> **Required work**
Please output the listing exactly as it stands, but omit any images.
(Data extract begins)
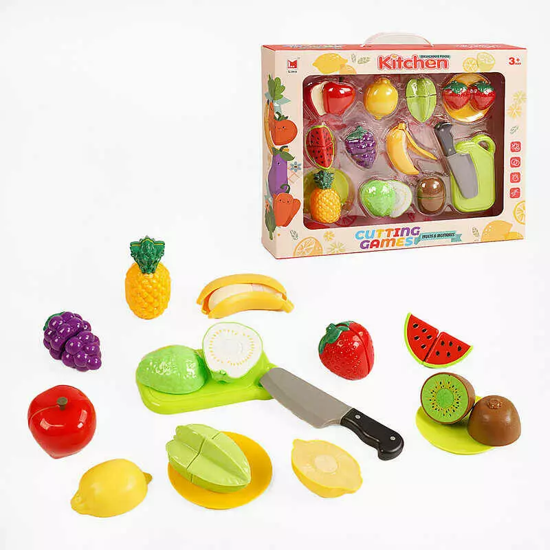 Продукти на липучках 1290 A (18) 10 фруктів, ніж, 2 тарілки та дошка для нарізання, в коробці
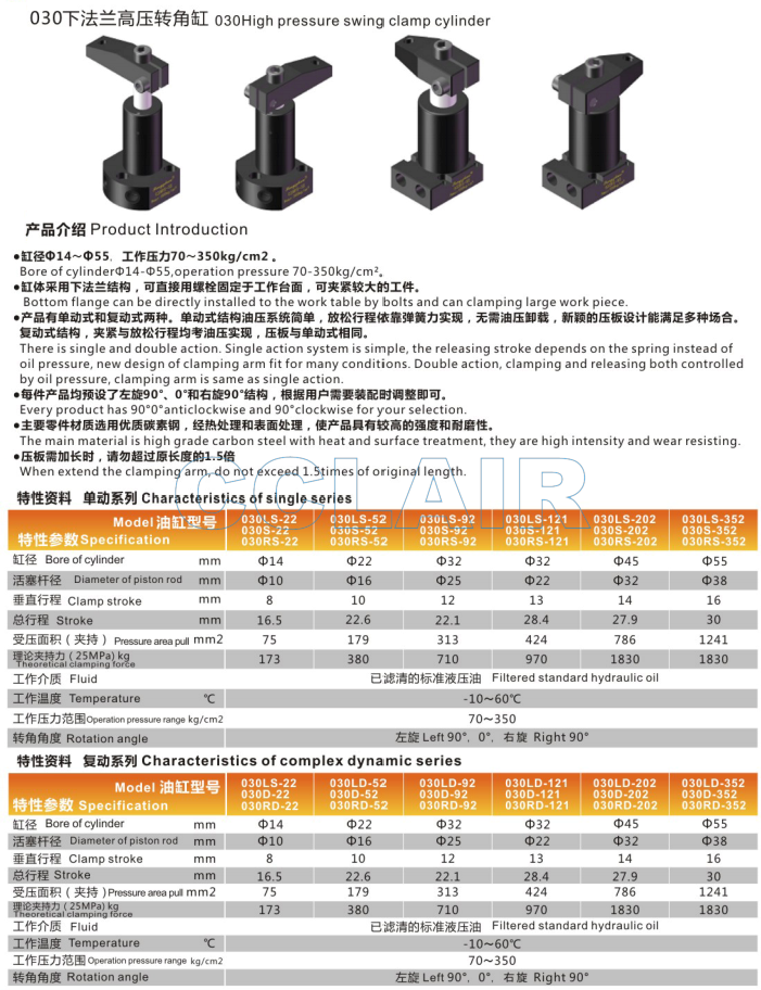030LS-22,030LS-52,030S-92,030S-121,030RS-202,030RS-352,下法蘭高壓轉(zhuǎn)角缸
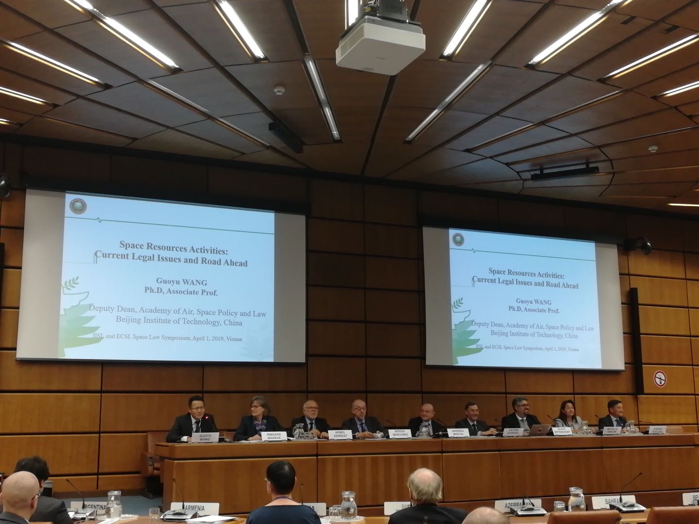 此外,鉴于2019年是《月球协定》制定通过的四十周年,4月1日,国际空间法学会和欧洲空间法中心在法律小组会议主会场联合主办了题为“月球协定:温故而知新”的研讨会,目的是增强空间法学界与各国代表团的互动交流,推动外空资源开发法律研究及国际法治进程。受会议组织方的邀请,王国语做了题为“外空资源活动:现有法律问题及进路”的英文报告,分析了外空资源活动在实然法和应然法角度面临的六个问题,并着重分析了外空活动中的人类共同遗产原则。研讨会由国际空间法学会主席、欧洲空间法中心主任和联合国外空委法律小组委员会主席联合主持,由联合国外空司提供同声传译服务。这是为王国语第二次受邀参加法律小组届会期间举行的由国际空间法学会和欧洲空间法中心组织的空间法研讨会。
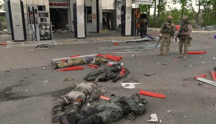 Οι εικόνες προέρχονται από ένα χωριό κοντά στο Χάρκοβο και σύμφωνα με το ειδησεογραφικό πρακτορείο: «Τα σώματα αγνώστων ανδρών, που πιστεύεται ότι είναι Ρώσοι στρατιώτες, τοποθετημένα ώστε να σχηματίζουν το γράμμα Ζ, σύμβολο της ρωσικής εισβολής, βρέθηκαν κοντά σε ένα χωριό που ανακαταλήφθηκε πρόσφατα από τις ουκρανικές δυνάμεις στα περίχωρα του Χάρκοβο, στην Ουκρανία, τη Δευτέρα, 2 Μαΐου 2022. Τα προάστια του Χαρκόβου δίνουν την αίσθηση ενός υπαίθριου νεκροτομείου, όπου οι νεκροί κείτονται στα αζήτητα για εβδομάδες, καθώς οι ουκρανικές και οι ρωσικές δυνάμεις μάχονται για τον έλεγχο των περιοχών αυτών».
(Data extract ends)
> **Answer space**
 Продукти на липучках 1290 A (18) 10 фруктів, ніж, 2 тарілки та дошка для нарізання, в коробці
030LS-22,030LS-52,030S-92,030S-121,030RS-202,030RS-352,下法蘭高壓轉(zhuǎn)角缸
 此外,鉴于2019年是《月球协定》制定通过的四十周年,4月1日,国际空间法学会和欧洲空间法中心在法律小组会议主会场联合主办了题为“月球协定:温故而知新”的研讨会,目的是增强空间法学界与各国代表团的互动交流,推动外空资源开发法律研究及国际法治进程。受会议组织方的邀请,王国语做了题为“外空资源活动:现有法律问题及进路”的英文报告,分析了外空资源活动在实然法和应然法角度面临的六个问题,并着重分析了外空活动中的人类共同遗产原则。研讨会由国际空间法学会主席、欧洲空间法中心主任和联合国外空委法律小组委员会主席联合主持,由联合国外空司提供同声传译服务。这是为王国语第二次受邀参加法律小组届会期间举行的由国际空间法学会和欧洲空间法中心组织的空间法研讨会。
 Οι εικόνες προέρχονται από ένα χωριό κοντά στο Χάρκοβο και σύμφωνα με το ειδησεογραφικό πρακτορείο: «Τα σώματα αγνώστων ανδρών, που πιστεύεται ότι είναι Ρώσοι στρατιώτες, τοποθετημένα ώστε να σχηματίζουν το γράμμα Ζ, σύμβολο της ρωσικής εισβολής, βρέθηκαν κοντά σε ένα χωριό που ανακαταλήφθηκε πρόσφατα από τις ουκρανικές δυνάμεις στα περίχωρα του Χάρκοβο, στην Ουκρανία, τη Δευτέρα, 2 Μαΐου 2022. Τα προάστια του Χαρκόβου δίνουν την αίσθηση ενός υπαίθριου νεκροτομείου, όπου οι νεκροί κείτονται στα αζήτητα για εβδομάδες, καθώς οι ουκρανικές και οι ρωσικές δυνάμεις μάχονται για τον έλεγχο των περιοχών αυτών».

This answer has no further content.